**The task:**
Exactly reproduce the lines from the one holding "AAA级质量服务诚信单位" through the end of the records, including both boundary lines but no pictures.

Records from a collection:
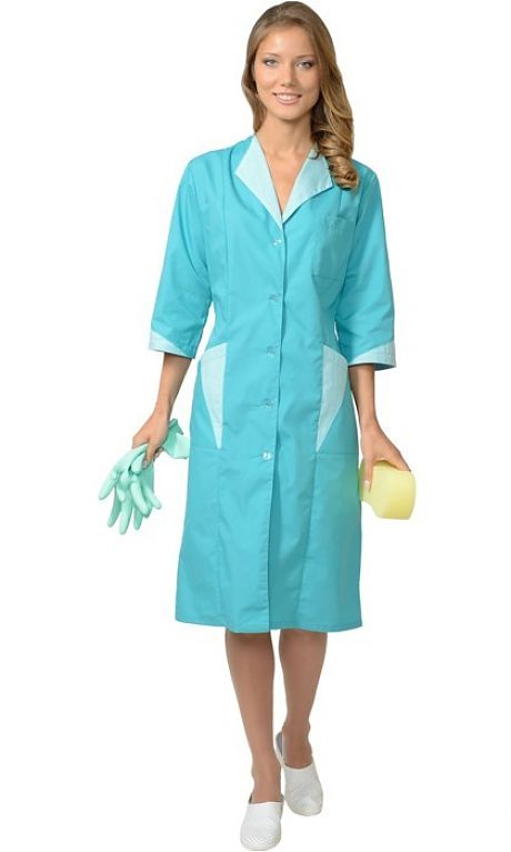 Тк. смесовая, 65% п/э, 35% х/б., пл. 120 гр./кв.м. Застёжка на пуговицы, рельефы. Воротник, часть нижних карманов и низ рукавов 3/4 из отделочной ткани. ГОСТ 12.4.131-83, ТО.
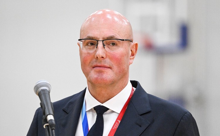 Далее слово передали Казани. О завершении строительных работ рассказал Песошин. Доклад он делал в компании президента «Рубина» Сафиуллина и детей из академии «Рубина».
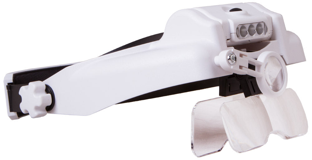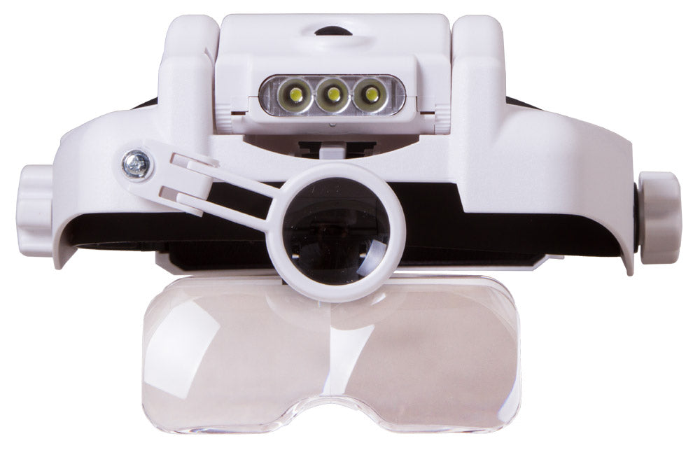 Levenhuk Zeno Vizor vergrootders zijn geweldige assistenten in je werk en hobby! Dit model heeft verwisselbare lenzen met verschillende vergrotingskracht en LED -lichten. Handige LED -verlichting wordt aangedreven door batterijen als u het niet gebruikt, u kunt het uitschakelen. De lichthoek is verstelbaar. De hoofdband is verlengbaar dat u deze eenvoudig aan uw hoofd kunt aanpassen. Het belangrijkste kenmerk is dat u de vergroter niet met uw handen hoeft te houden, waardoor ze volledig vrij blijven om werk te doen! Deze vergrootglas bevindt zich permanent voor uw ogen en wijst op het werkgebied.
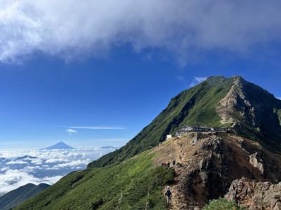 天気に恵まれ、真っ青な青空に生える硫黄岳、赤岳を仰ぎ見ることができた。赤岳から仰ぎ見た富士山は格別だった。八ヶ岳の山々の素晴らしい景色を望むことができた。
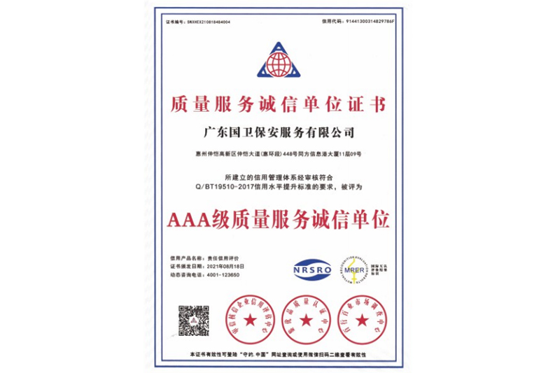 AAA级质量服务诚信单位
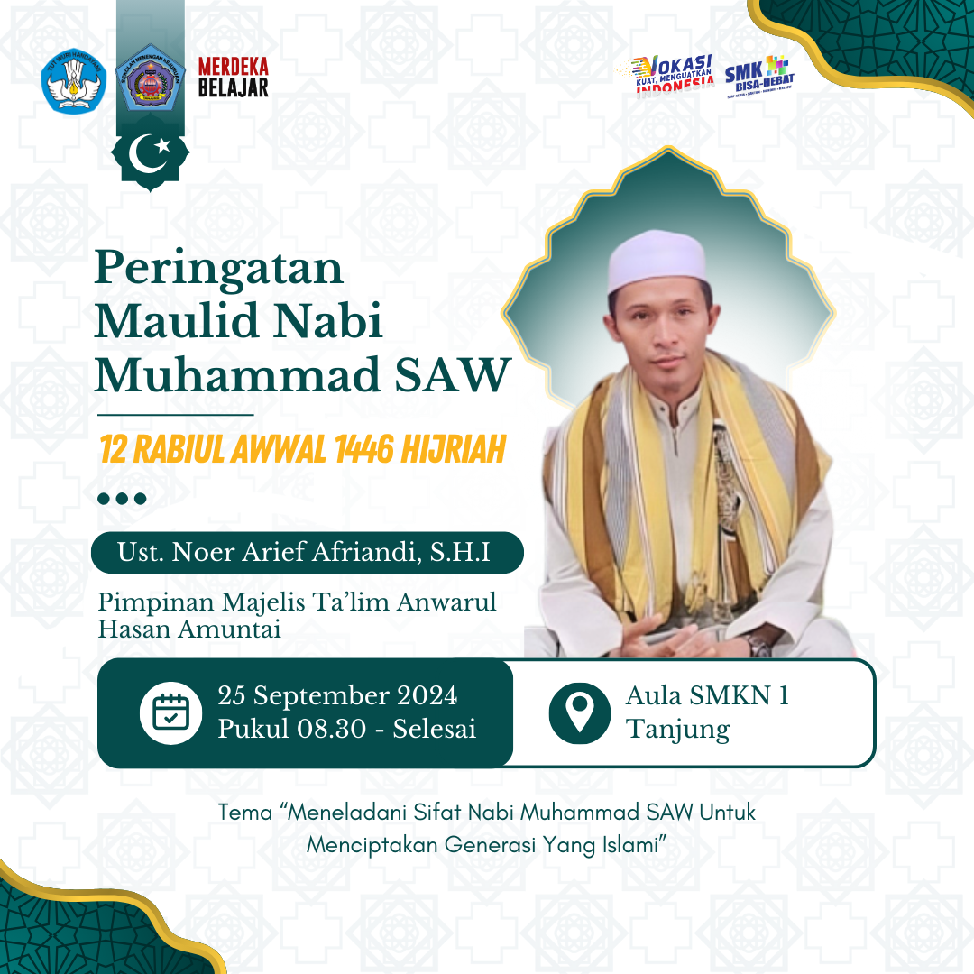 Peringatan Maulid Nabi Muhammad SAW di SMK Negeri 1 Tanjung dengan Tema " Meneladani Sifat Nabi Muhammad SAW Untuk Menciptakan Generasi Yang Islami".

**Solution below:**
 AAA级质量服务诚信单位
 Peringatan Maulid Nabi Muhammad SAW di SMK Negeri 1 Tanjung dengan Tema " Meneladani Sifat Nabi Muhammad SAW Untuk Menciptakan Generasi Yang Islami".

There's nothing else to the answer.